*Prompt*
Pictures should be excluded; otherwise, copy every entry exactly.

►

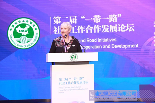 随后,国际社工联亚太区主席露丝·亨德森、国家开放大学社会工作学院执行院长史柏年发表主旨演讲,探讨“一带一路”社会工作如何落地。露丝·亨德森表示,“一带一路”倡议将凝聚沿线国家携手同行,随着政府部门和民间组织的共同推进,社会工作将发挥更重要作用。史柏年在以《“一带一路”发展倡议与社会工作的使命》为主题的演讲中提出, “一带一路”建设是百年大计,在逐渐演变的过程中,可能会引起自然与社会环境的变迁,这将带来“一带一路”发展过程中的社会工作的新使命以及促进社会工作大发展的新机遇。
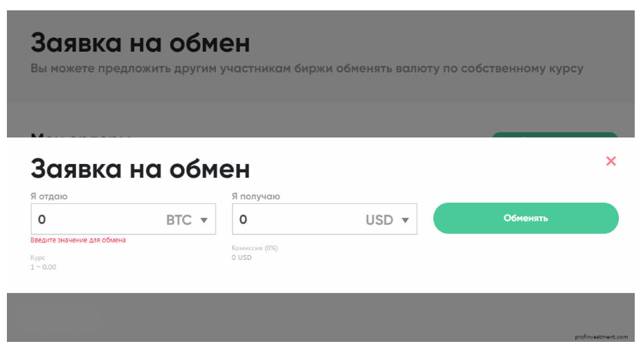 Режим «Обмен» создан для тех, кто заинтересован в максимально быстрых покупках и продажах криптовалют. Пользователи могли создавать заявки на обмен криптовалют по заданным ими курсам и использовать актуальные рыночные данные.
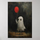 Funny Cute Ghost Holding Red Balloon, Vintage Poster
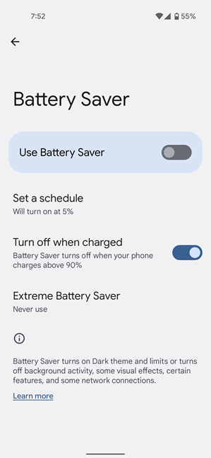 Wanneer het batterijniveau op uw Android een bepaald niveau bereikt, wordt de energiebesparende modus op uw apparaat geactiveerd. Deze modus beperkt automatisch de functionaliteit van uw apparaat door achtergrondapps en andere functies, waaronder schermspiegeling, uit te schakelen.
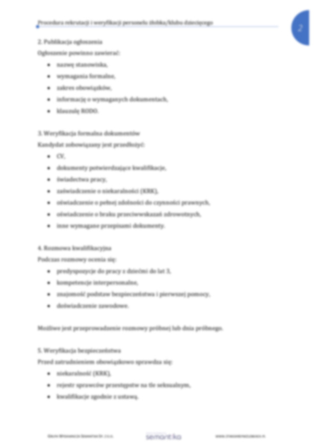 Strona główna / Dokumenty / Obszar pracy z personelem / Standard 12.2 Procedura rekrutacji i weryfikacji personelu
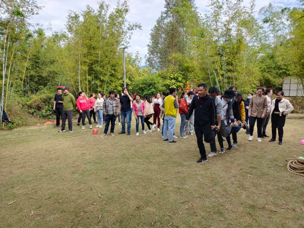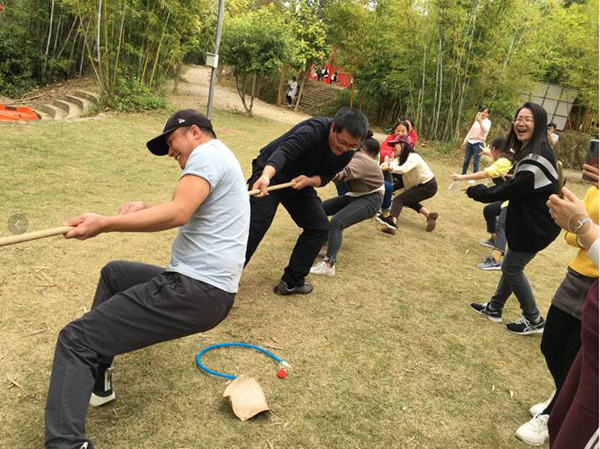 懷著激動(dòng)的心情,經(jīng)過短暫的車程后,大家于10:00左右來到本次活動(dòng)的目的地--長龍歡樂谷山莊。首先,分組進(jìn)行了豐富多彩的體育運(yùn)動(dòng),有六人單腳跳、運(yùn)輸氣球、拔河等項(xiàng)目。在運(yùn)動(dòng)中,大家團(tuán)結(jié)協(xié)作、歡聲笑語,平日里高強(qiáng)度的工作壓力被釋放一空。活動(dòng)拉近了同事之間的距離,更增強(qiáng)了集體榮譽(yù)感。
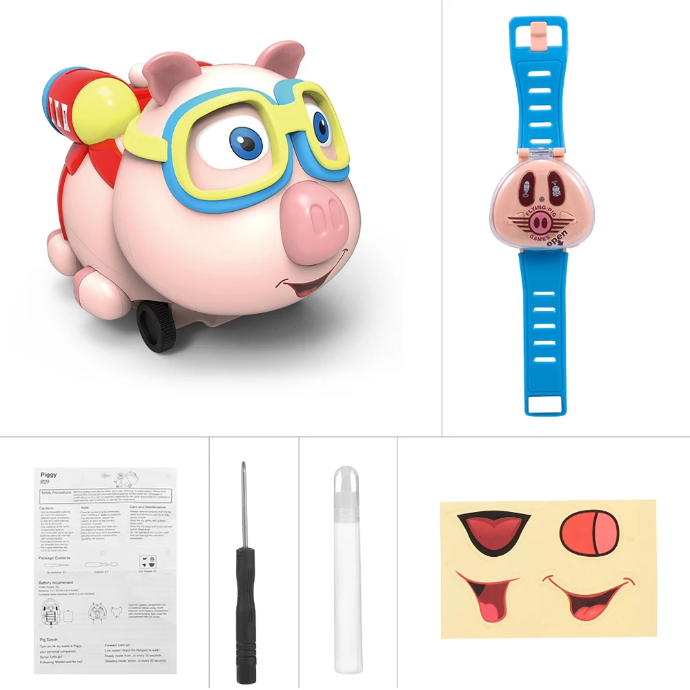 Эта игрушка-робот-копилка милая, с носимыми часами с пультом дистанционного управления, проста в использовании. Частота 2,4 ГГц, вы никогда не получите никаких помех во время игры. Эта игрушка-копилка может двигаться вперед, назад, поворачиваться влево и вправо. С одним пульверизатором, функция «follow me», очень интересно.
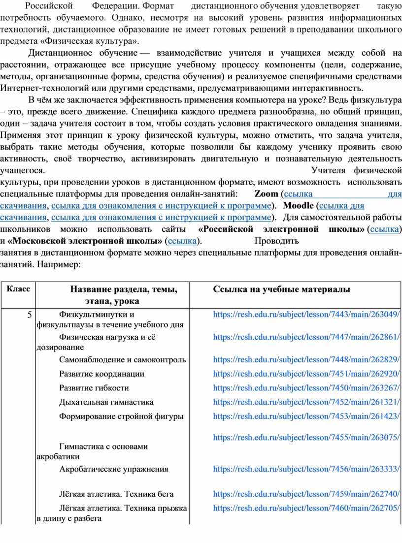 В современной системе образования значимая роль отводится направлению дистанционного обучения. Учащиеся, находясь в режиме дистанционного обучения, имеют возможность получения полноценного образования в соответствии с законодательством Российской Федерации. Формат дистанционного обучения удовлетворяет такую потребность обучаемого. Однако, несмотря на высокий уровень развития информационных технологий, дистанционное образование не имеет готовых решений в преподавании школьного предмета «Физическая культура». Дистанционное обучение — взаимодействие учителя и учащихся между собой на расстоянии, отражающее все присущие учебному процессу компоненты (цели, содержание, методы, организационные формы, средства обучения) и реализуемое специфичными средствами Интернет-технологий или другими средствами, предусматривающими интерактивность. В чём же заключается эффективность применения компьютера на уроке? Ведь физкультура – это, прежде всего движение. Специфика каждого предмета разнообразна, но общий принцип, один – задача учителя состоит в том, чтобы создать условия практического овладения знаниями. Применяя этот принцип к уроку физической культуры, можно отметить, что задача учителя, выбрать такие методы обучения, которые позволили бы каждому ученику проявить свою активность, своё творчество, активизировать двигательную и познавательную деятельность учащегося. Учителя физической культуры, при проведении уроков в дистанционном формате, имеют возможность использовать специальные платформы для проведения онлайн-занятий: Zoom (ссылка для скачивания, ссылка для ознакомления с инструкцией к программе). Moodle (ссылка для скачивания, ссылка для ознакомления с инструкцией к программе). Для самостоятельной работы школьников можно использовать сайты «Российской электронной школы» (ссылка) и «Московской электронной школы» (ссылка). Проводить занятия в дистанционном формате можно через специальные платформы для проведения онлайн-занятий. Например:
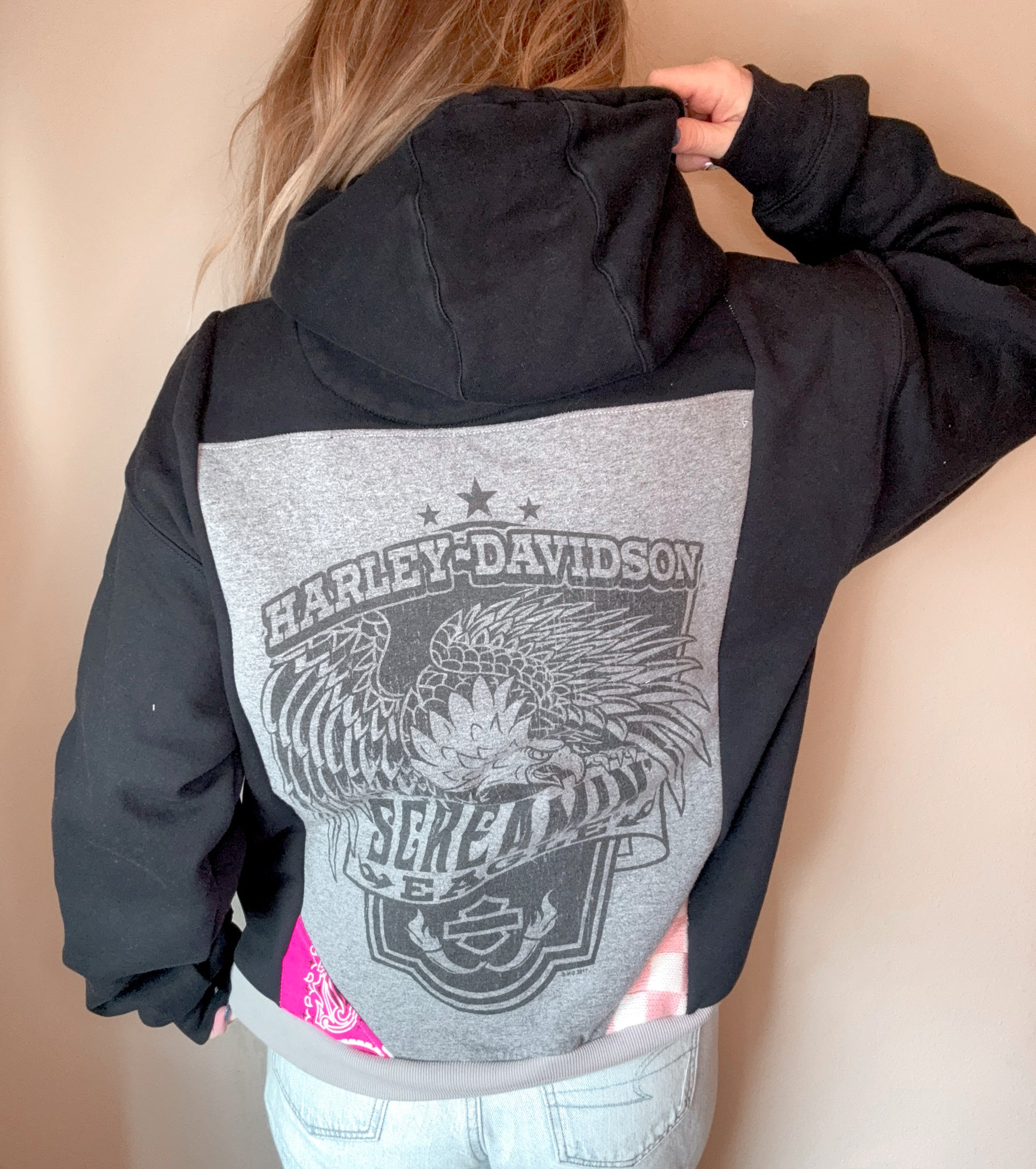 Created from genuine repurposed fabrics, some items may feature purposely distressed or faded elements.

◄

*Response*
 随后,国际社工联亚太区主席露丝·亨德森、国家开放大学社会工作学院执行院长史柏年发表主旨演讲,探讨“一带一路”社会工作如何落地。露丝·亨德森表示,“一带一路”倡议将凝聚沿线国家携手同行,随着政府部门和民间组织的共同推进,社会工作将发挥更重要作用。史柏年在以《“一带一路”发展倡议与社会工作的使命》为主题的演讲中提出, “一带一路”建设是百年大计,在逐渐演变的过程中,可能会引起自然与社会环境的变迁,这将带来“一带一路”发展过程中的社会工作的新使命以及促进社会工作大发展的新机遇。
 Режим «Обмен» создан для тех, кто заинтересован в максимально быстрых покупках и продажах криптовалют. Пользователи могли создавать заявки на обмен криптовалют по заданным ими курсам и использовать актуальные рыночные данные.
 Funny Cute Ghost Holding Red Balloon, Vintage Poster
 Wanneer het batterijniveau op uw Android een bepaald niveau bereikt, wordt de energiebesparende modus op uw apparaat geactiveerd. Deze modus beperkt automatisch de functionaliteit van uw apparaat door achtergrondapps en andere functies, waaronder schermspiegeling, uit te schakelen.
 Strona główna / Dokumenty / Obszar pracy z personelem / Standard 12.2 Procedura rekrutacji i weryfikacji personelu
 懷著激動(dòng)的心情,經(jīng)過短暫的車程后,大家于10:00左右來到本次活動(dòng)的目的地--長龍歡樂谷山莊。首先,分組進(jìn)行了豐富多彩的體育運(yùn)動(dòng),有六人單腳跳、運(yùn)輸氣球、拔河等項(xiàng)目。在運(yùn)動(dòng)中,大家團(tuán)結(jié)協(xié)作、歡聲笑語,平日里高強(qiáng)度的工作壓力被釋放一空。活動(dòng)拉近了同事之間的距離,更增強(qiáng)了集體榮譽(yù)感。
 Эта игрушка-робот-копилка милая, с носимыми часами с пультом дистанционного управления, проста в использовании. Частота 2,4 ГГц, вы никогда не получите никаких помех во время игры. Эта игрушка-копилка может двигаться вперед, назад, поворачиваться влево и вправо. С одним пульверизатором, функция «follow me», очень интересно.
 В современной системе образования значимая роль отводится направлению дистанционного обучения. Учащиеся, находясь в режиме дистанционного обучения, имеют возможность получения полноценного образования в соответствии с законодательством Российской Федерации. Формат дистанционного обучения удовлетворяет такую потребность обучаемого. Однако, несмотря на высокий уровень развития информационных технологий, дистанционное образование не имеет готовых решений в преподавании школьного предмета «Физическая культура». Дистанционное обучение — взаимодействие учителя и учащихся между собой на расстоянии, отражающее все присущие учебному процессу компоненты (цели, содержание, методы, организационные формы, средства обучения) и реализуемое специфичными средствами Интернет-технологий или другими средствами, предусматривающими интерактивность. В чём же заключается эффективность применения компьютера на уроке? Ведь физкультура – это, прежде всего движение. Специфика каждого предмета разнообразна, но общий принцип, один – задача учителя состоит в том, чтобы создать условия практического овладения знаниями. Применяя этот принцип к уроку физической культуры, можно отметить, что задача учителя, выбрать такие методы обучения, которые позволили бы каждому ученику проявить свою активность, своё творчество, активизировать двигательную и познавательную деятельность учащегося. Учителя физической культуры, при проведении уроков в дистанционном формате, имеют возможность использовать специальные платформы для проведения онлайн-занятий: Zoom (ссылка для скачивания, ссылка для ознакомления с инструкцией к программе). Moodle (ссылка для скачивания, ссылка для ознакомления с инструкцией к программе). Для самостоятельной работы школьников можно использовать сайты «Российской электронной школы» (ссылка) и «Московской электронной школы» (ссылка). Проводить занятия в дистанционном формате можно через специальные платформы для проведения онлайн-занятий. Например:
 Created from genuine repurposed fabrics, some items may feature purposely distressed or faded elements.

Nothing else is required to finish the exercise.